Rats in the house are not just gross. They chew wires, contaminate food, spread disease through droppings and urine, and they can turn a small issue into a full-blown infestation fast. The good news is you can usually solve this without guesswork if you follow a simple order of operations.
As a gardener, you also have to think about the outside. Compost piles, chicken feed, fallen fruit, and dense groundcover can keep the “rat pressure” high around your home even if you catch the ones inside.

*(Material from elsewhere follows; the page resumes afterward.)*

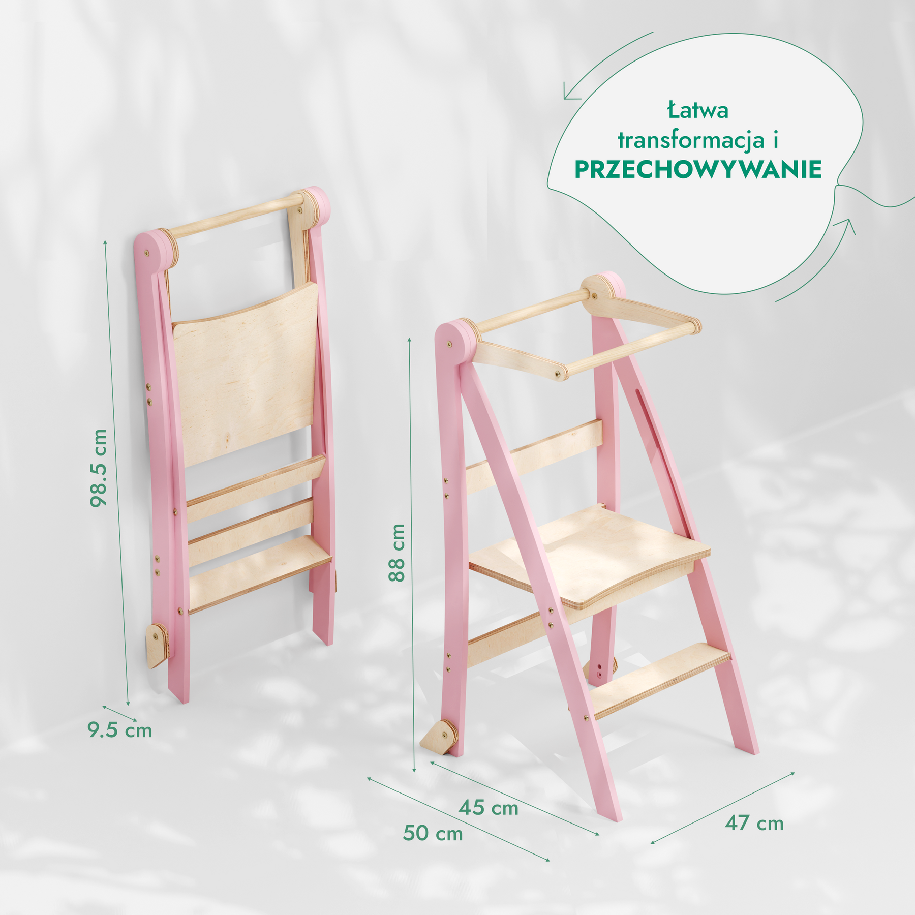 Stworzona z myślą o zapracowanych rodzicach i aktywnych małych odkrywcach, nasza składana podestka dla maluchów zapewnia maksymalną wygodę i praktyczność. Niezależnie od tego, czy potrzebujesz dodatkowej przestrzeni, czy szybkiego rozstawienia, ten inteligentny projekt sprawia, że przechowywanie i użytkowanie są wyjątkowo łatwe.

This guide walks you through what works in real houses and real backyards.
First, confirm you are dealing with rats
Before you buy traps, take 10 minutes to confirm what you have. Mice and rats behave differently, and trap choice and placement matters.
Common rat signs indoors
- Droppings: Rat droppings are larger than mouse droppings, usually about 1/2 to 3/4 inch and thicker.

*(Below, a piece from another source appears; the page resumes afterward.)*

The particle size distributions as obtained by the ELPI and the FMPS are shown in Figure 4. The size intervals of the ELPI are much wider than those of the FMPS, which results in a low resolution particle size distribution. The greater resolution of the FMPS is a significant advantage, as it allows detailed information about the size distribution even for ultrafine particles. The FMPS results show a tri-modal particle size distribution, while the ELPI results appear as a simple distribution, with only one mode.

- Grease rub marks: Dark smears along baseboards, pipes, or wall edges where they repeatedly travel.
- Gnawing: Chewed cardboard, plastic bins, pet food bags, or wiring insulation.
- Noises: Scratching in walls or ceilings, often at night.
- Nests: Shredded paper, insulation, or fabric tucked behind appliances, in crawlspaces, or in stored boxes.
- Tracks: Dusty areas in garages and attics can show footprints or tail drags.
If you are seeing droppings regularly, hearing activity, and finding chewing, assume you have an active problem and move quickly.
Safety rules before you start
Rats can carry pathogens. You do not need to panic, but you do need to handle cleanup and trapping like an adult who enjoys not getting sick.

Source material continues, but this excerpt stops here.